**Data section**
Segment Open
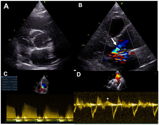 BAV assessment by echocardiography: (A) valve anatomy in parasternal short axis; (B) vena contracta width in parasternal long-axis (arrow); (C) pressure half-time measurement in continuous-wave Doppler; (D) assessment of the diastolic flow reversal velocity in the descending aorta by pulsed-wave Doppler (*).
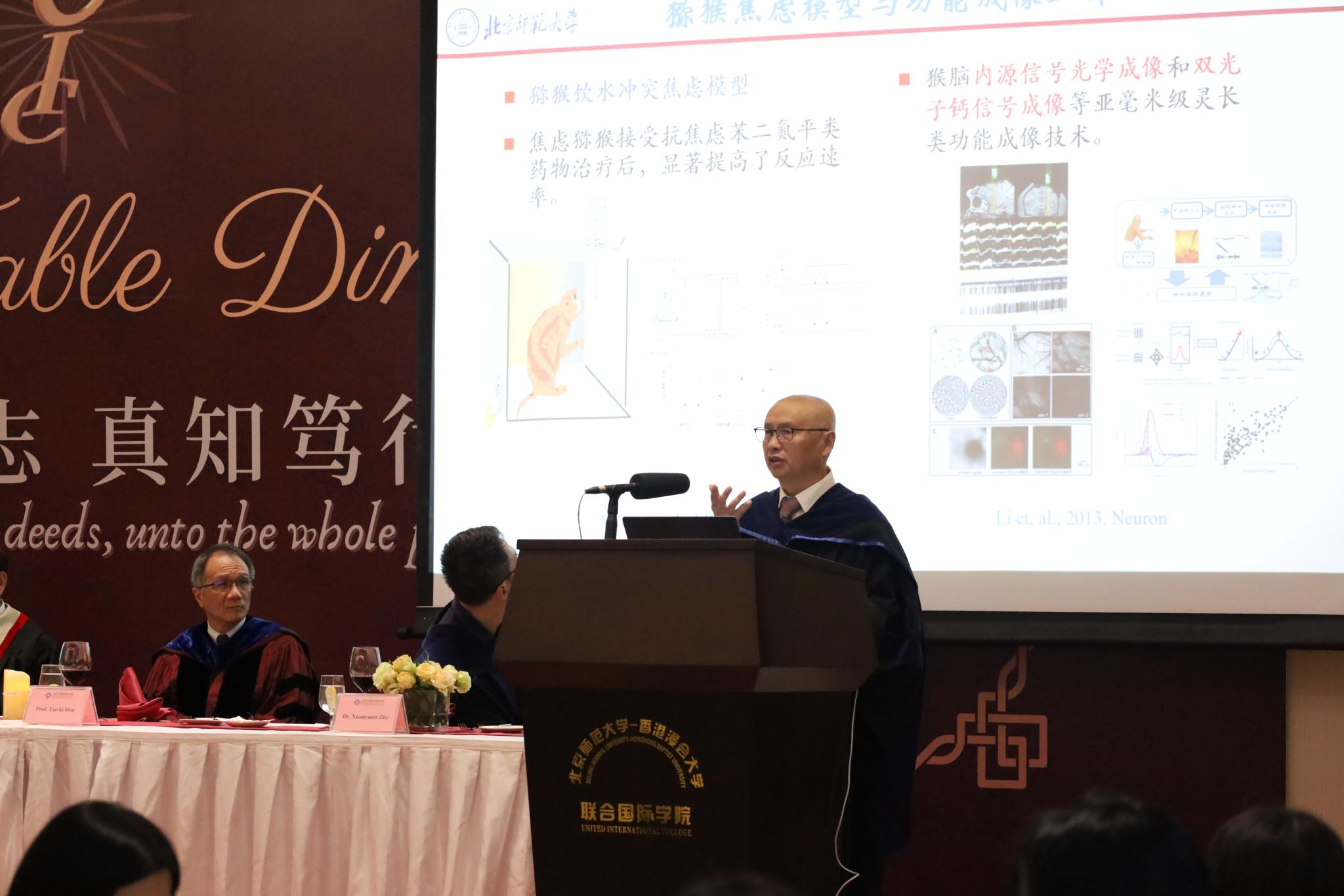 2023年5月10日,北京师范大学心理学部教授、北师港浸大(UIC)理工科技学院生命科学系杰出客座教授罗跃嘉应邀作为学院高桌晚宴嘉宾,为师生带来“焦虑的脑科学研究与临床转化”的主题演讲。
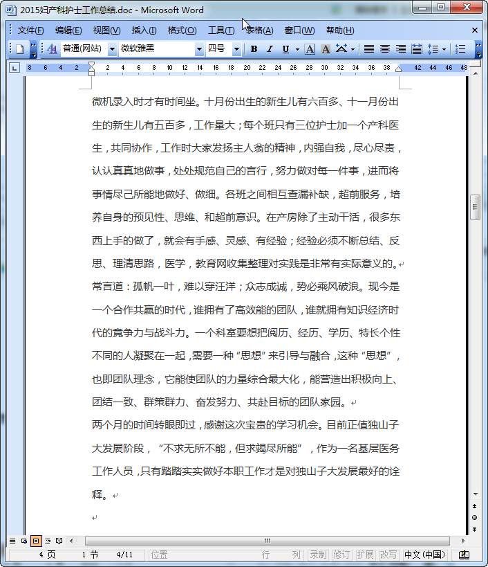 以质量求发展这是大家都明白的道理,认真实施两级网络管理,职责明确,分工明确,每周、每月坚持自查,抽查考核,及时反馈,及时整改。晨会随时进行三基理论提问,特别是护理病历进行及时检查,不规范者及时反馈,使护理病历的质量逐月提高。发现问题及时提出,及时改正,杜绝了问题的再次发生。
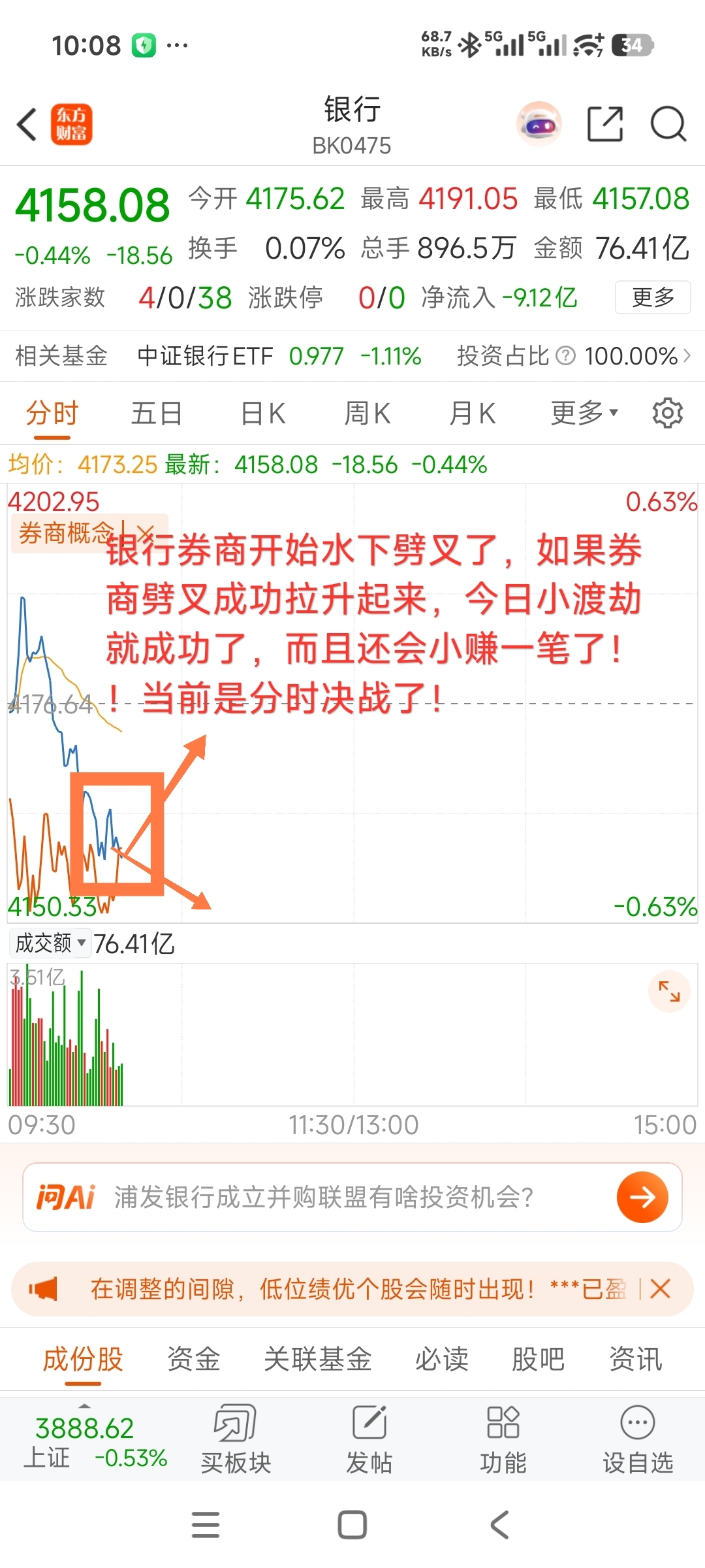 $上证指数(SH000001)$ $东方财富(SZ300059)$ $深证成指(SZ399001)$ #强势机会# #炒股日记# #复盘记录# #股市怎么看# 银行券商开始水下噼叉了,如果券商噼叉成功拉升起来,今日小渡劫就成功了,而且还会小赚一笔了!!当前是分时决战了!
Segment Closed
**What is needed**
Output each line of the listing above, word for word, from the one holding "2023年5月10日,北京师" through the last line, both included; omit the pictures.

**Exercise solution**
 2023年5月10日,北京师范大学心理学部教授、北师港浸大(UIC)理工科技学院生命科学系杰出客座教授罗跃嘉应邀作为学院高桌晚宴嘉宾,为师生带来“焦虑的脑科学研究与临床转化”的主题演讲。
 以质量求发展这是大家都明白的道理,认真实施两级网络管理,职责明确,分工明确,每周、每月坚持自查,抽查考核,及时反馈,及时整改。晨会随时进行三基理论提问,特别是护理病历进行及时检查,不规范者及时反馈,使护理病历的质量逐月提高。发现问题及时提出,及时改正,杜绝了问题的再次发生。
 $上证指数(SH000001)$ $东方财富(SZ300059)$ $深证成指(SZ399001)$ #强势机会# #炒股日记# #复盘记录# #股市怎么看# 银行券商开始水下噼叉了,如果券商噼叉成功拉升起来,今日小渡劫就成功了,而且还会小赚一笔了!!当前是分时决战了!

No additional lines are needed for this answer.